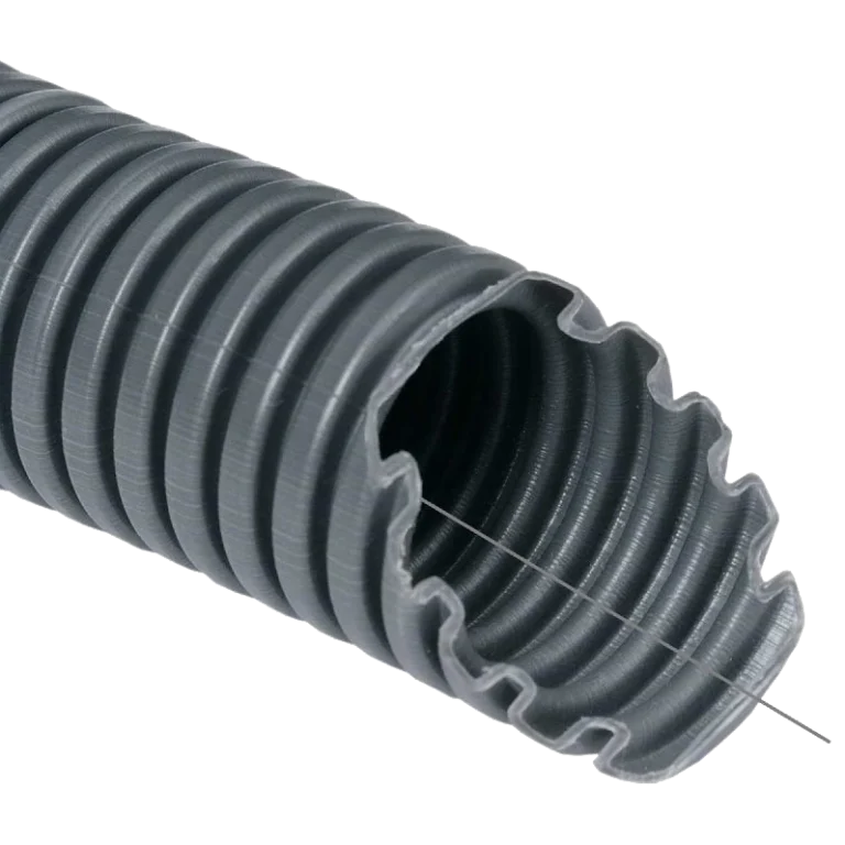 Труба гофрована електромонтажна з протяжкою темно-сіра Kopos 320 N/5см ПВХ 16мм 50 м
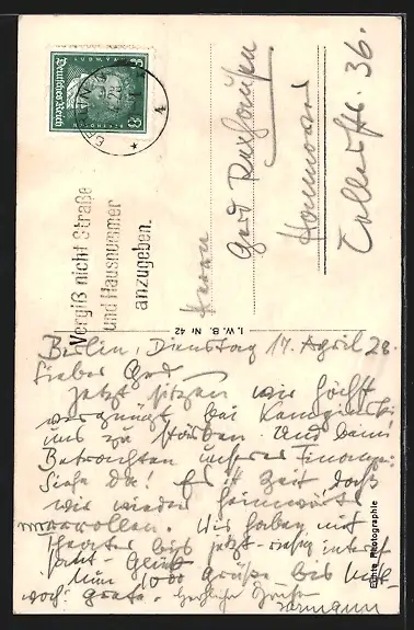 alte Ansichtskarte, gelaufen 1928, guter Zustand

______

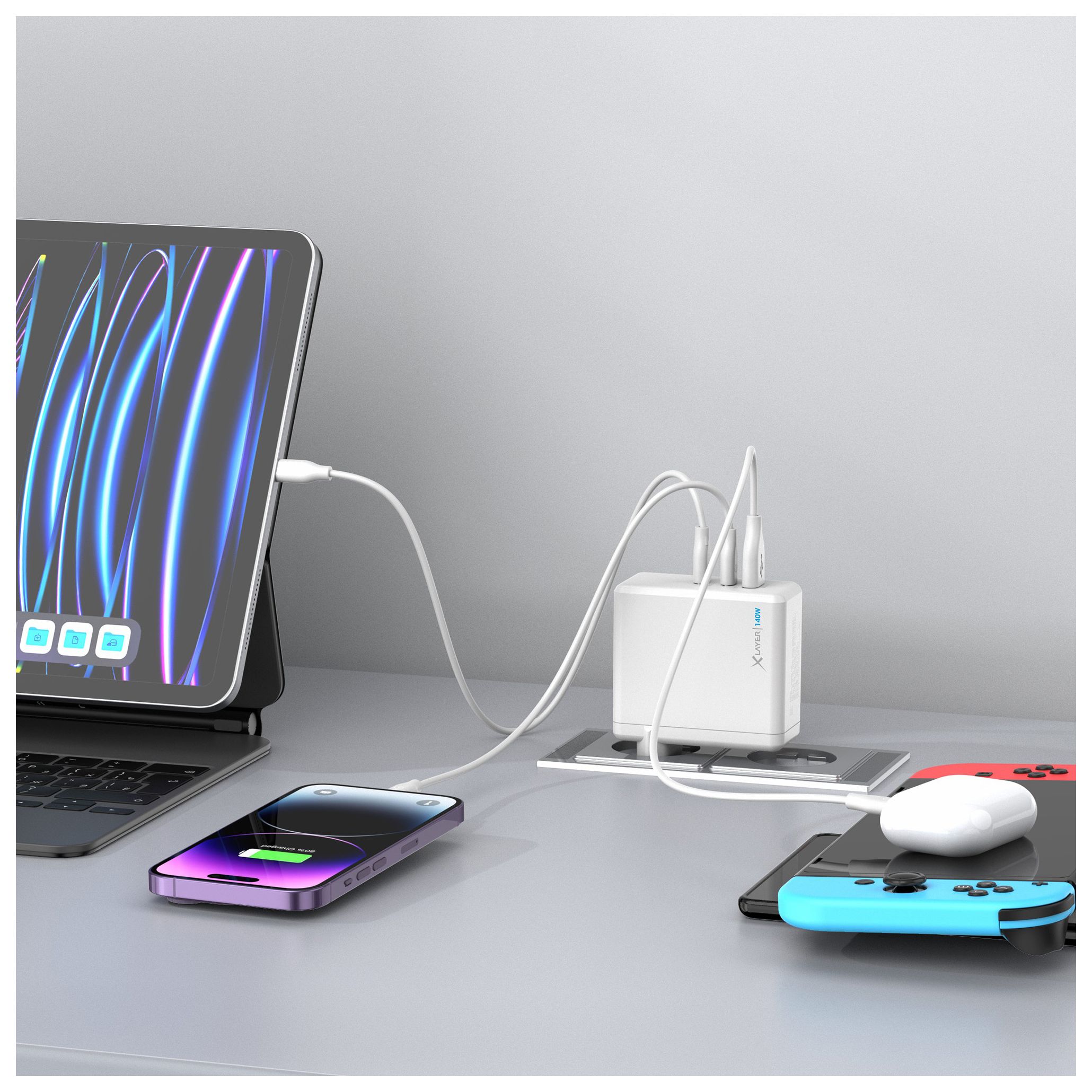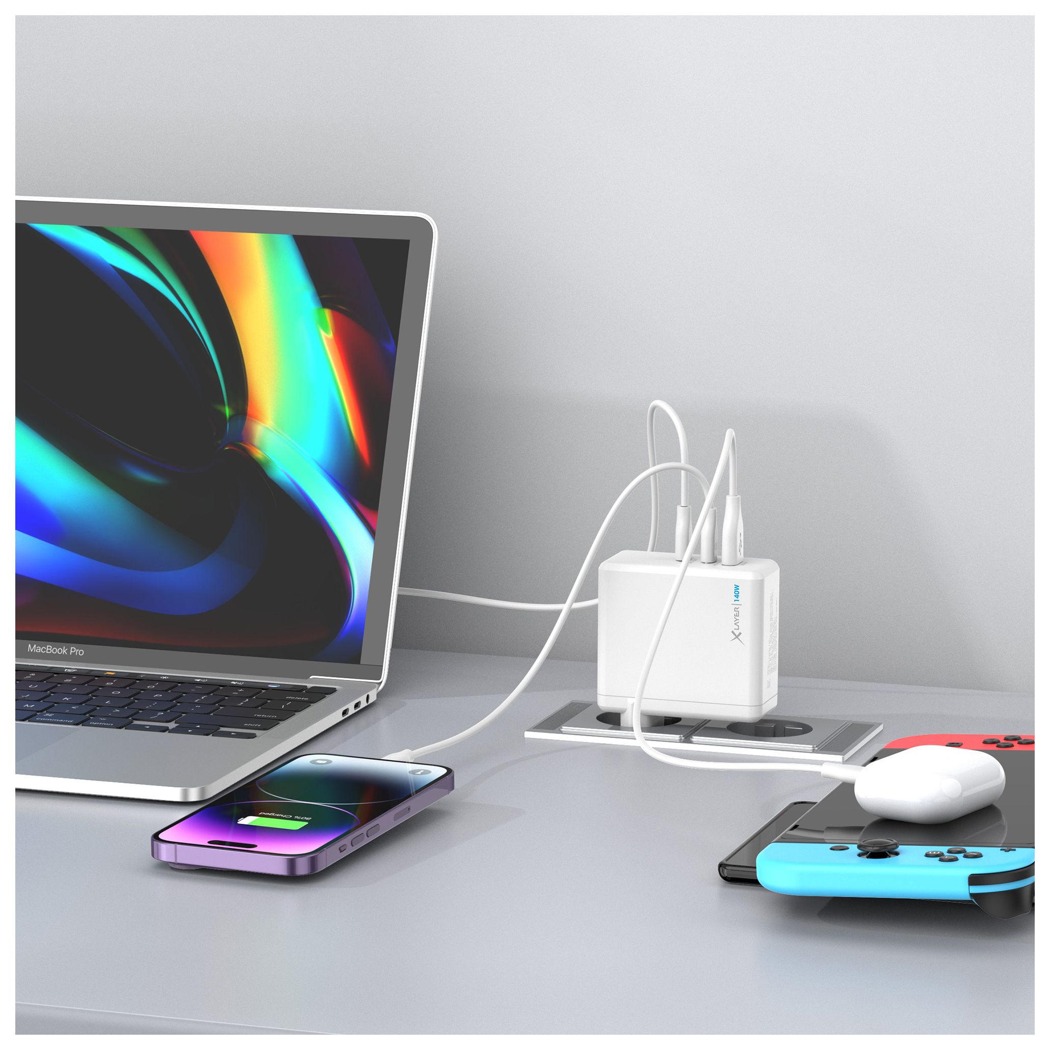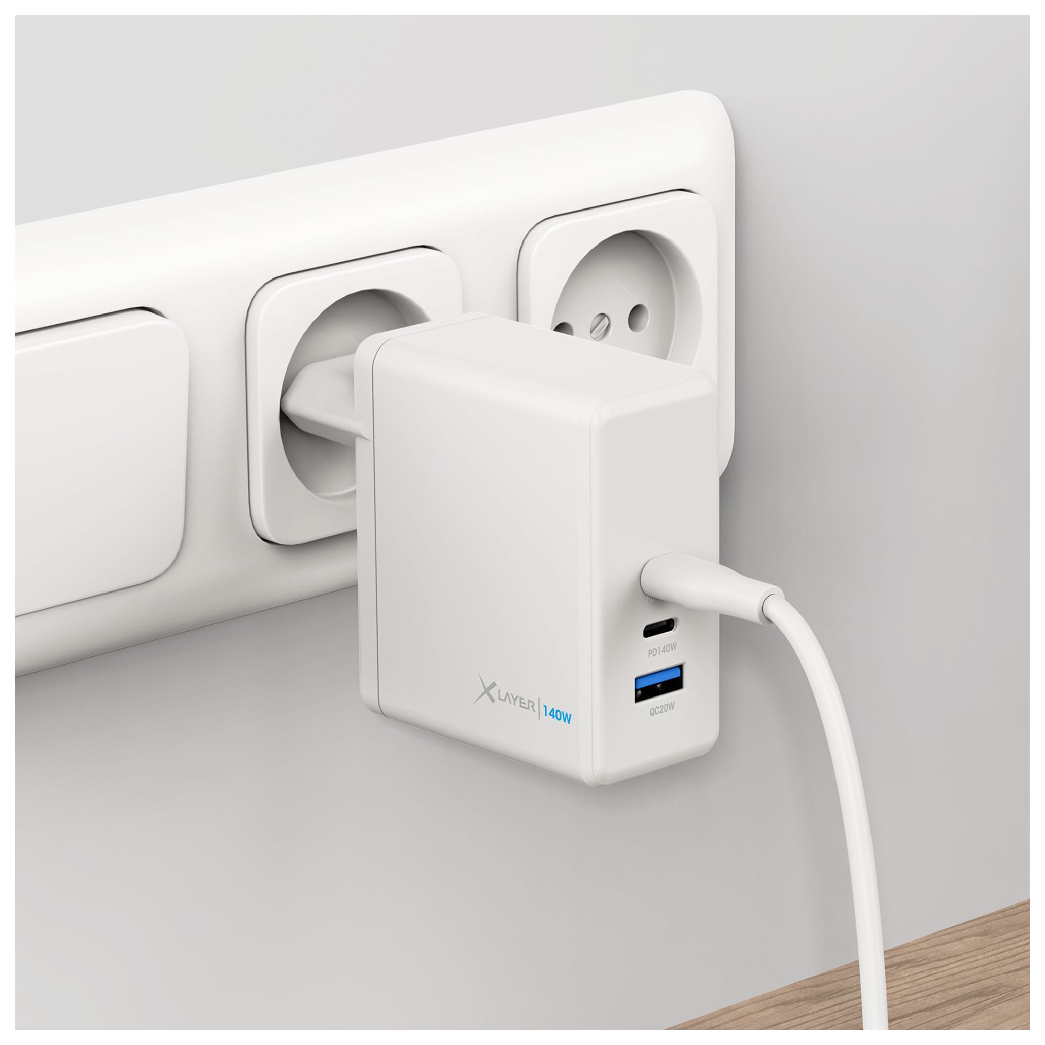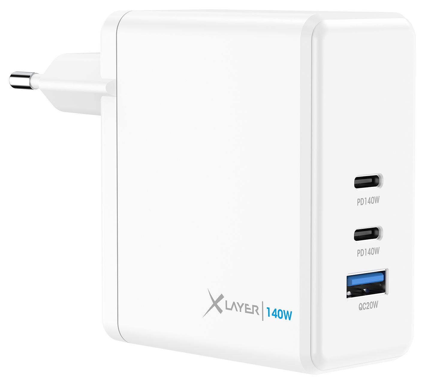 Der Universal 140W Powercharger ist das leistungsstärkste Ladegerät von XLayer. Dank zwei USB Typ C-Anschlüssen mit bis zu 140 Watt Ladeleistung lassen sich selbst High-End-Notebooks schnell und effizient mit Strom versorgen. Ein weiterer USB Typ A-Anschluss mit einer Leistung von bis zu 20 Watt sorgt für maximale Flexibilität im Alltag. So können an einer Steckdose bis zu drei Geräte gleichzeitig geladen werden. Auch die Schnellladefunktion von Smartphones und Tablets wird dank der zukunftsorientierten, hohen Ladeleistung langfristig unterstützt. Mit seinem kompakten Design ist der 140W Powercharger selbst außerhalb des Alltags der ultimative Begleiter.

______

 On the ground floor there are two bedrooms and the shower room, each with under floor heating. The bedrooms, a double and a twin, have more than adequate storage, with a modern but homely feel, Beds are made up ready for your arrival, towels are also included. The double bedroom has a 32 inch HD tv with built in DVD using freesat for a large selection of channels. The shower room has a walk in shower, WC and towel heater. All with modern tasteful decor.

______

TASK DESCRIPTION:
Now transcribe the lines above exactly, starting at the line containing "Труба гофрована електромонтажна" and ending at the line containing "alte Ansichtskarte, gelaufen", both lines included, pictures excluded.

TASK RESPONSE:
 Труба гофрована електромонтажна з протяжкою темно-сіра Kopos 320 N/5см ПВХ 16мм 50 м
 alte Ansichtskarte, gelaufen 1928, guter Zustand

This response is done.